Birkeland et al. [22] conducted soil profile analyses along elevation and slope transects throughout the Colorado Front Range. Low elevation soils are mostly Cryolls with deep, dark surface mineral horizons (A horizon) in comparison to uppermost elevations; this is due to high soil organic matter content and a less developed zone of Fe³⁺ and Al³⁺ leaching (E horizon). At mid-elevations, montane soils are classified as Cryolls on warmer slopes and Cryalfs in colder areas. Soils above approximately 2700 m are Cryepts which are cold, young soils. In these soils, there is little or no clay formation and accumulation with chronic acidic conditions in the A horizons. Most of the area above 2700 m was also covered by the Pinedale glacial event. Soils, vegetation type and fire regime are used together to help explain the results of this study in the context of the Colorado Front range (see below).

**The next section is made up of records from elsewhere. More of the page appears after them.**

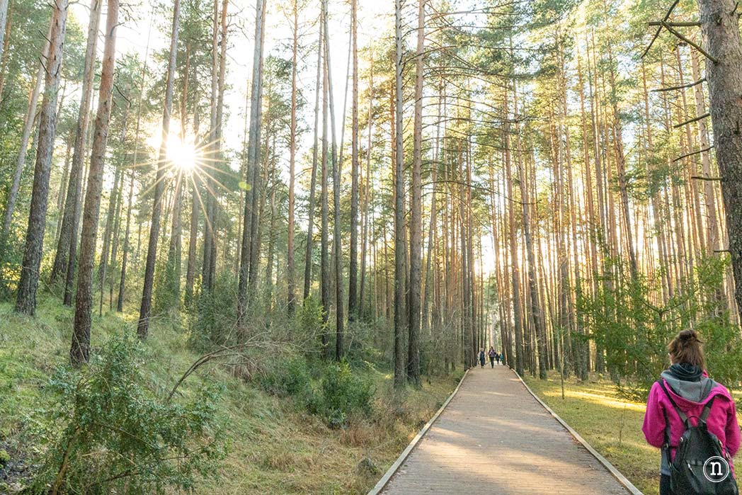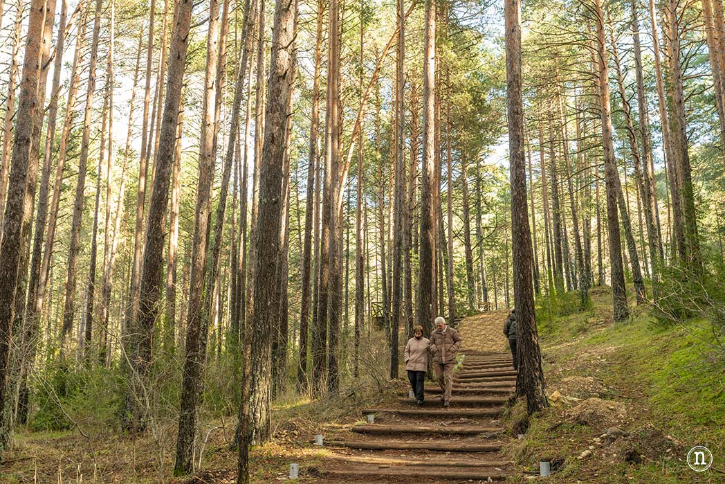 Miramos el reloj cuando llegamos al aparcamiento y es casi mediodía. Ante nosotros se abre el bosque de pinos que nos invita a pasar mediante una pasarela de madera.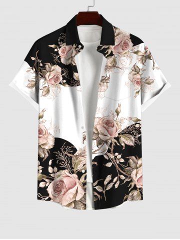 Short Sleeves Shirts > Plus Size Rose Flower Colorblock Print Shirt For Men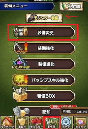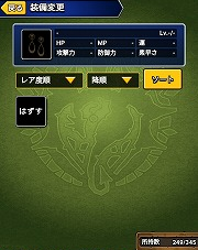 ※ちなみに矢印の「モンスター装備」のボタンを押すとモンスター用の装備の画面に変わります。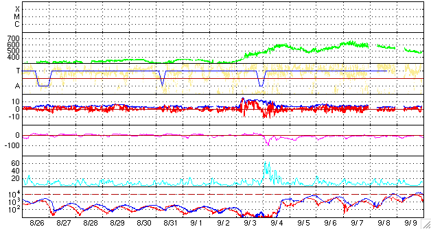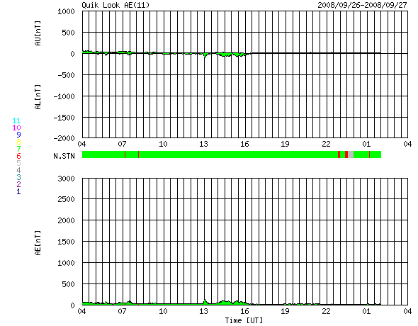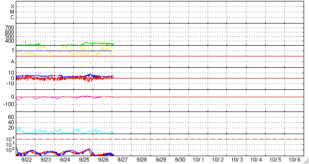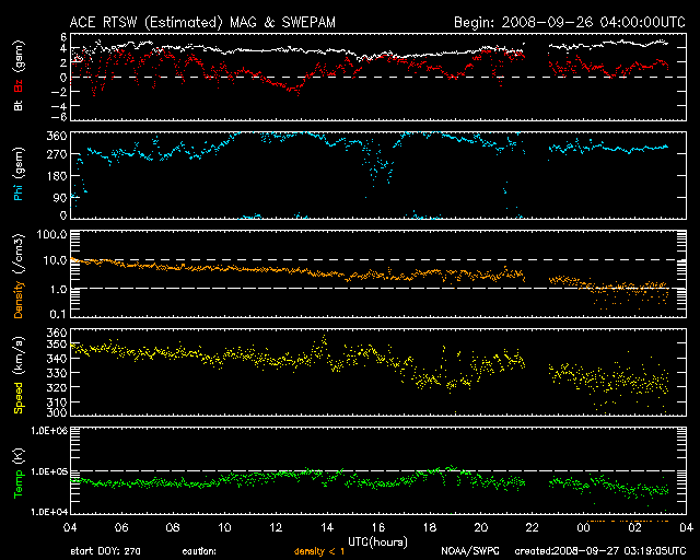 2008/ 9/27 12:19 更新 低速の太陽風が続き、磁気圏も静穏です。コロナホールが太陽の中心に近づいています。 担当 篠原 低速の太陽風が続いています。 速度は、昨日からほとんど変わらず、330〜340km/秒で安定しています。 磁場強度も、4nTと通常の強さのままです。 太陽風が穏やかなので、磁気圏活動もとても穏やかです。 昨日のAE指数には、変化が全く見られませんでした。 SOHO EIT195の太陽コロナを見ると、 コロナホールの先頭(右端)が、いよいよ太陽の中心に達しつつあります。 ここに来ると、3〜4日程度で高速太陽風が始まります。 9月30日か、10月1日ころになりそうですが、 これは、27日周期の図で、前周期の9月3-4日に乱れが始まっていたこととよく合います。 太陽は無黒点で、静かです。 SOHO EIT195では、東端(左端)に明るい点が見えています。 更に発達して、黒点が現れる可能性があります。 SOHO EIT195による、太陽コロナの様子。27日11時(世界時27日2時)。 (c) SOHO (ESA & NASA) ![]() ACEが観測した太陽風の磁場(1番上の枠、白線は全体の強度、赤線は南北成分) および、太陽風の密度(3番目の橙線)、速度(4番目の黄線) (c) NOAA/SWPC ![]() リアルタイムAE指数 下段のAEグラフの値が高くなると、オーロラ活動が活発化しています。 (c) 京都大学, NICT ![]() シベリアで観測された3日間の磁場データ 右側の3分の1が、昨日のデータになります。グラフが上がったり下がったりすると、オーロラ活動が活発化しています。 (c) NICT ![]() 27日の太陽周期に合わせたデータプロット 太陽が同じ面を地球に向けていた27日前の変化から、今後を予想することができます。 (c) NICT

Soil samples were collected in the Bear Creek and Clear Creek watersheds, located west of Denver, CO (Figure 1). All of the major fire regimes and vegetation types from the region are present in the study area. The western portion of the study area is mostly in the Mount Evans Wilderness Area on the Arapaho and Pike National Forests with the east portion largely private property with isolated public land units. Field observation, prior research on forest distribution [21] and current, GIS-based existing vegetation type maps [23] all aided in identifying the five vegetation types and associated 200 m elevation sampling bands (Figure 1).

Figure 1. Location of the soil charcoal sampling area with current vegetation types west of Denver, CO in the Colorado Front Range. Geospatial data was acquired from United States Geological Service (USGS) GAP Analysis Project [23] and United States Farm Services Agency (FSA) National Agricultural Imagery Program [24].

Figure 1. Location of the soil charcoal sampling area with current vegetation types west of Denver, CO in the Colorado Front Range. Geospatial data was acquired from United States Geological Service (USGS) GAP Analysis Project [23] and United States Farm Services Agency (FSA) National Agricultural Imagery Program [24].

In order to test the main effect of vegetation type on CC and soil organic C pools, we reduced landscape variation with a stratified random plot design. A digital elevation model (DEM) of the study area was used to identify 200 m elevation bands that were centered midway between the upper and lower limits of each vegetation type. Subsequently, sites on east-facing aspects (67°–112° azimuth) with slopes 5%–30% were combined with the vegetation layer to create sets of potential sample polygons within all five of the centered elevation bands (North American Datum 1983, UTM Zone 13 North). ArcMap 9.3 and the embedded spatial analyst extension were used to identify potential sampling polygons and select random plot locations, all within 2 km of existing roads (to make access feasible). Within the stratified random set of polygons, 10 plot centers were assigned a 0.25 ha (25 m × 25 m) square in each of the vegetation types. In the summers 2009 and 2010 mineral soils were sampled in each of the 0.25 ha plots with 10 random sample points spaced a minimum of 3 m apart to avoid overlap. Three composite soil cores were collected at each sample point using a round metal probe (2.5 cm diameter) where the litter layer was moved and only the upper 10 cm of mineral soil collected. This depth was selected to allow consistent comparison across the vegetation types.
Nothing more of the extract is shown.